EXERCISE DESCRIPTION
Using the data that follows, give again word for word the lines between the one holding "Pirinç Gümüş Renk Halka Model Kadın Küpe" and the one holding "LOT 85D: Collection", inclusive. Omit the pictures.

EXTRACTED DATA

• • • • •

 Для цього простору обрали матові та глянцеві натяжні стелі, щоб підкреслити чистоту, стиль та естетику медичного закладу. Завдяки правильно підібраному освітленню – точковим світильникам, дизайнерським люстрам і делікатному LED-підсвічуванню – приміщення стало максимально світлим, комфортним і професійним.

• • • • •

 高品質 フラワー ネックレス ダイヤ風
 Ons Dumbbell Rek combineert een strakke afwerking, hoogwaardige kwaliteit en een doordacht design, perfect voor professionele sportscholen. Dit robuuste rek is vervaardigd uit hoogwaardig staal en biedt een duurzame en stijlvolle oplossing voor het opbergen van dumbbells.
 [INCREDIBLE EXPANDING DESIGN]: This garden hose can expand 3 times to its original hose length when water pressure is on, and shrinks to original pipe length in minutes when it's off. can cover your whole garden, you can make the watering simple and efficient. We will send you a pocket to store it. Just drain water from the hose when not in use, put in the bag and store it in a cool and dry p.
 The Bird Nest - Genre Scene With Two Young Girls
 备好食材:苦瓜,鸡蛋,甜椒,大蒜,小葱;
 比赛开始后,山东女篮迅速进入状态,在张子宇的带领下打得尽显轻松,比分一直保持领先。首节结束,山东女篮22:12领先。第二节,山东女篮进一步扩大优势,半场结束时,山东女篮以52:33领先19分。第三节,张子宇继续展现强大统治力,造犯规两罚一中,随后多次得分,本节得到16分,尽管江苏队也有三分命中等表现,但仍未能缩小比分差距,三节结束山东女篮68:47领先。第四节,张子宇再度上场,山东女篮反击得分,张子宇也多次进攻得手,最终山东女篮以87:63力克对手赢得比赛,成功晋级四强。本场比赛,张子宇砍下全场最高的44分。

• • • • •

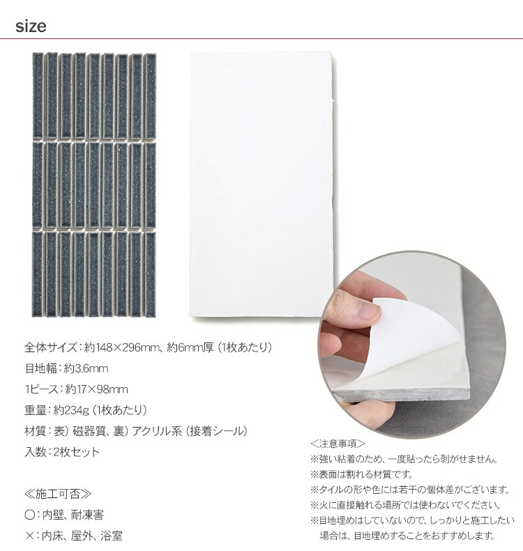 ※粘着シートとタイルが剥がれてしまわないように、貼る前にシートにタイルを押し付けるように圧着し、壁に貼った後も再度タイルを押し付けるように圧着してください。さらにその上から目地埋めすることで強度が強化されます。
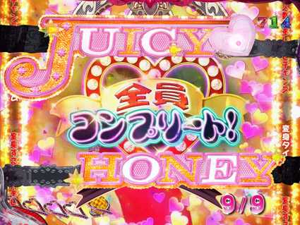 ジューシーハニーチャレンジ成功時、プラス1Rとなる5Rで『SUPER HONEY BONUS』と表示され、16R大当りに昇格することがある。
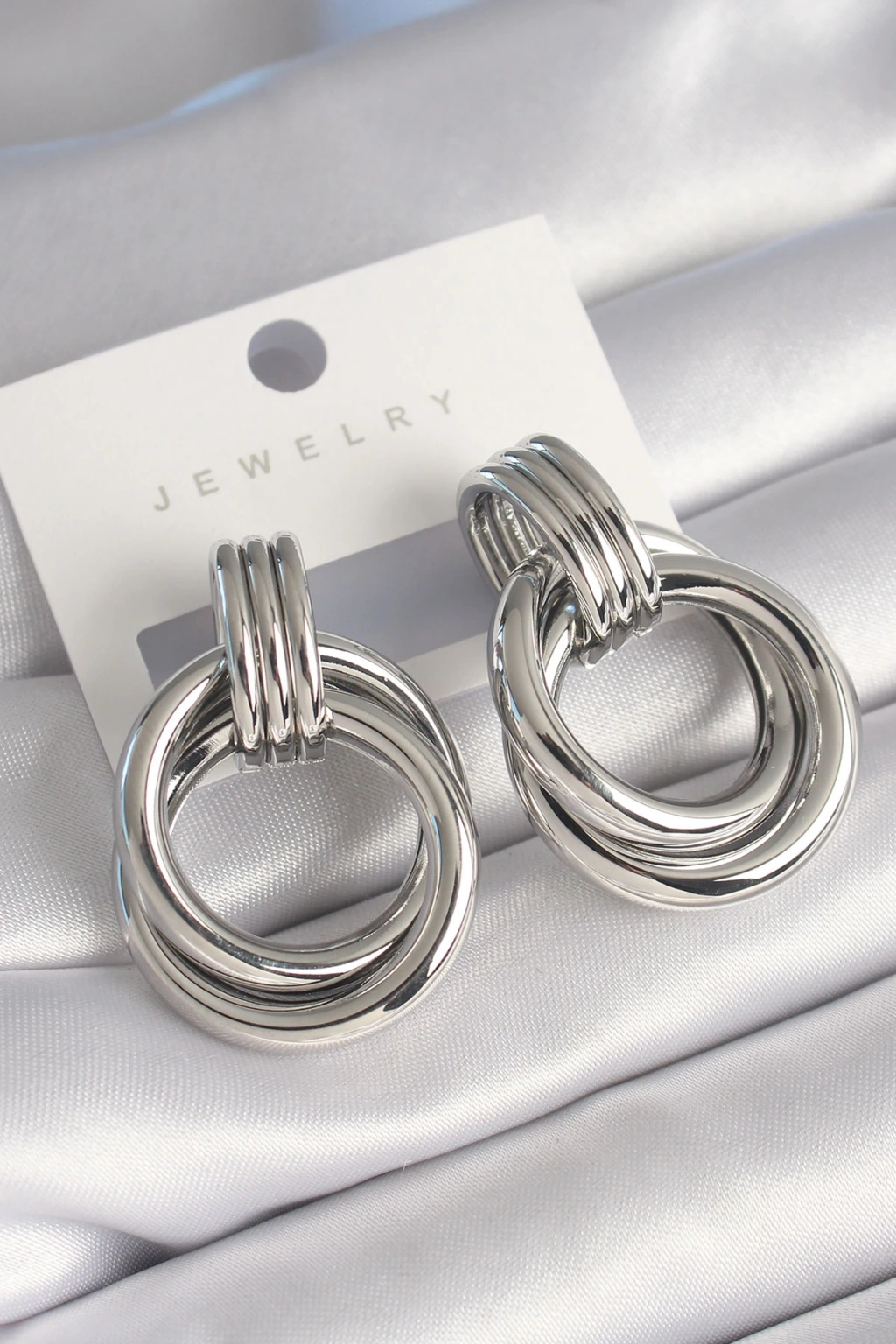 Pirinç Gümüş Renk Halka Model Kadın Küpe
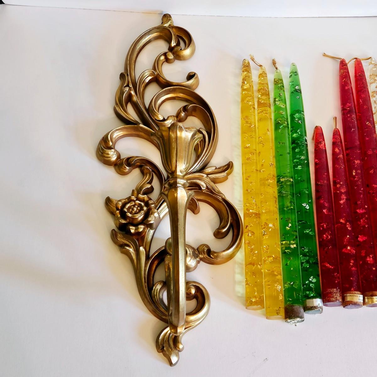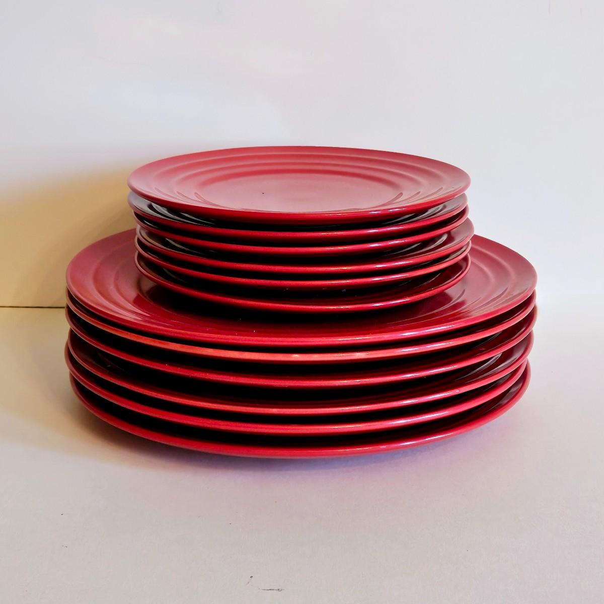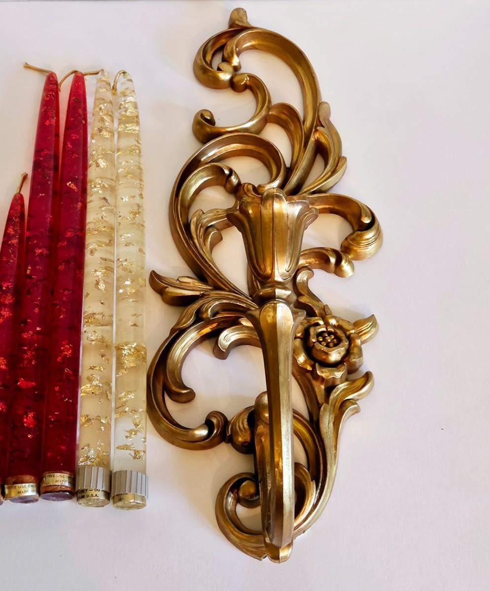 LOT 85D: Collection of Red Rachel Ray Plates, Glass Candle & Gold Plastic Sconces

• • • • •

THE COMPLETED TASK
 Pirinç Gümüş Renk Halka Model Kadın Küpe
 LOT 85D: Collection of Red Rachel Ray Plates, Glass Candle & Gold Plastic Sconces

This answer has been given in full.